The family of the future should model itself on Asian values, the Home Secretary said last night as he outlined his vision for creating stronger families in the 21st century.

White people had a lot to learn from the strengths in ethnic communities, Jack Straw told the Institute for Public Policy Research in his capacity as chair of the Ministerial Group on the Family.

It was important for older generations to nurture the new as well as each new generation taking responsibility for looking after the previous one in a strong "inter-generational contract" which would strengthen family life and society, he said.

"In Britain, one in eight older white people live with an adult child while two-thirds of Asian elders do. In this way, ethnic communities can enrich our sense of how the inter-generational contract can work," he said.

Academics and the Commission for Racial Equality welcomed the positive family role model put forward by the Home Secretary.

A spokesman for the commission said: "For 50 years, we have been hearing how people who come to Britain can learn from those already here. This is an illustration of the opposite and while we would not want to say one family structure is better than another, his comments are a symbol of valuing the racial diversity in Britain we now have."

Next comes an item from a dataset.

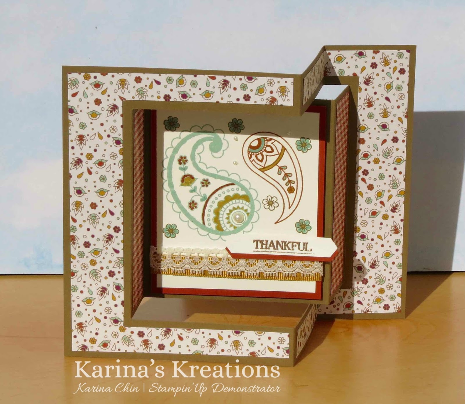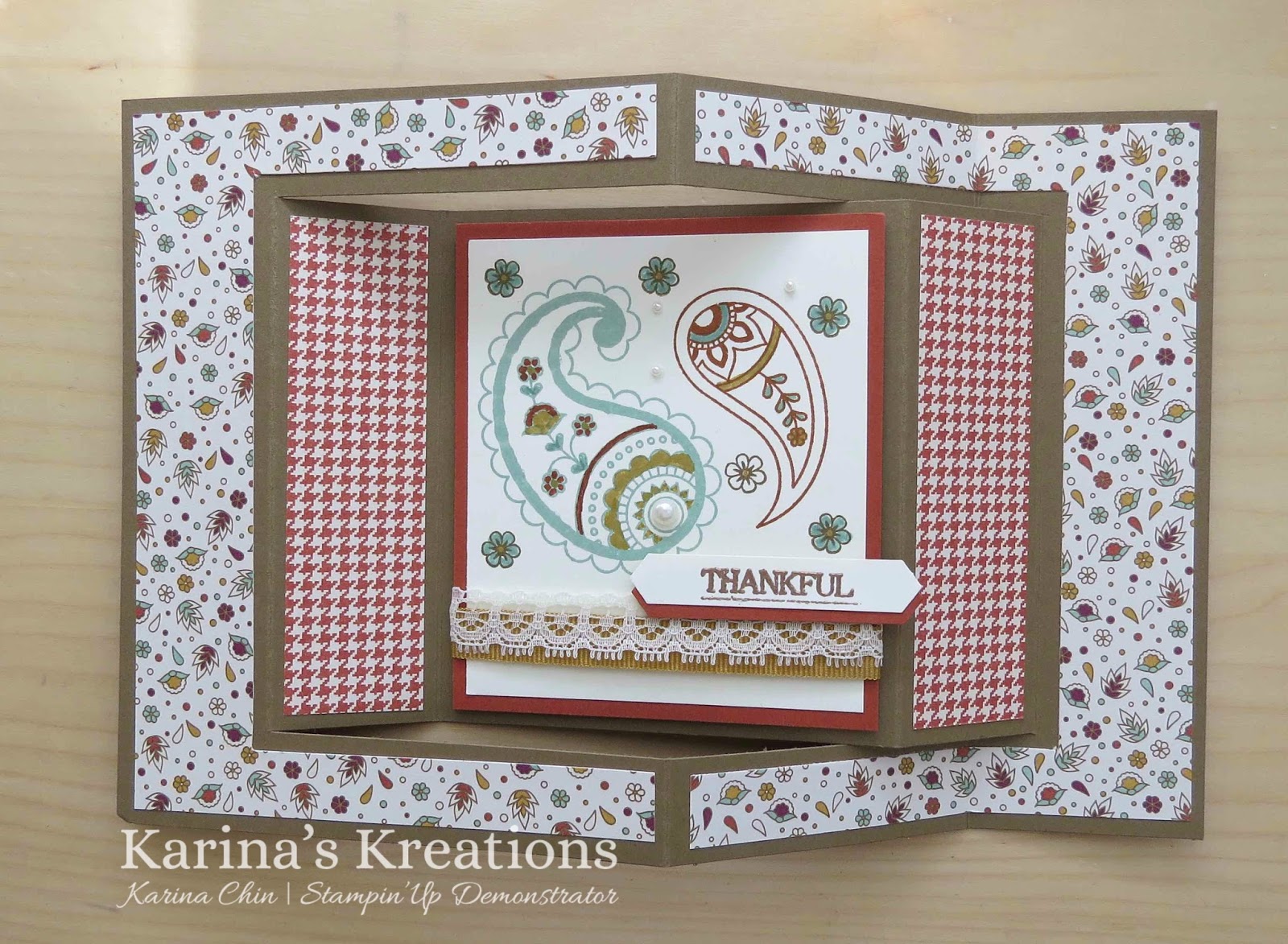 I chose to make a thankful fancy fold card using the Petals and Posies stamp set and coordinating Petals and Paisleys Specialty Designer Series Paper. This paper is so gorgeous you don’t need to add much to make a beautiful card.

Tariq Modood, director of the Centre for the Study of Ethnicity and Citizenship at Bristol University, who has conducted research on ethnic groups in Britain, said that although it was becoming slightly less likely that Asian people born in Britain would have their elderly parents living with them, second or third generation British-born Asians still cited their family and parents as the main reason for any success they had in life, rather than personal motivation.

"A lot of Asian people would be pleased to hear this and think that white citizens and neighbours could learn something about the way they make relationships work," Professor Modood said. "Of course, there are downsides about elderly relatives living with you, such as loss of some personal freedoms," he said.

The Home Secretary also said that new technology would strengthen scattered families by enabling "virtual grannies" to keep in contact with their children and grandchildren by video phones and the internet.

Research shows that more than half of the 18 to 24 age group use the worldwide web and electronic mail compared with 5 per cent or less of those over 65. "It is true that there is at present a generational imbalance in acceptance of new technology. But I don't believe this will last. It is the government's aim to give everyone internet access by 2005," Mr Straw said.

"When lifelong learning is extended through these technologies it will further transform the lives and involvement of the elderly," he said.

Matthew Taylor, a director of the institute, said it was important to get older people engaged with new technology.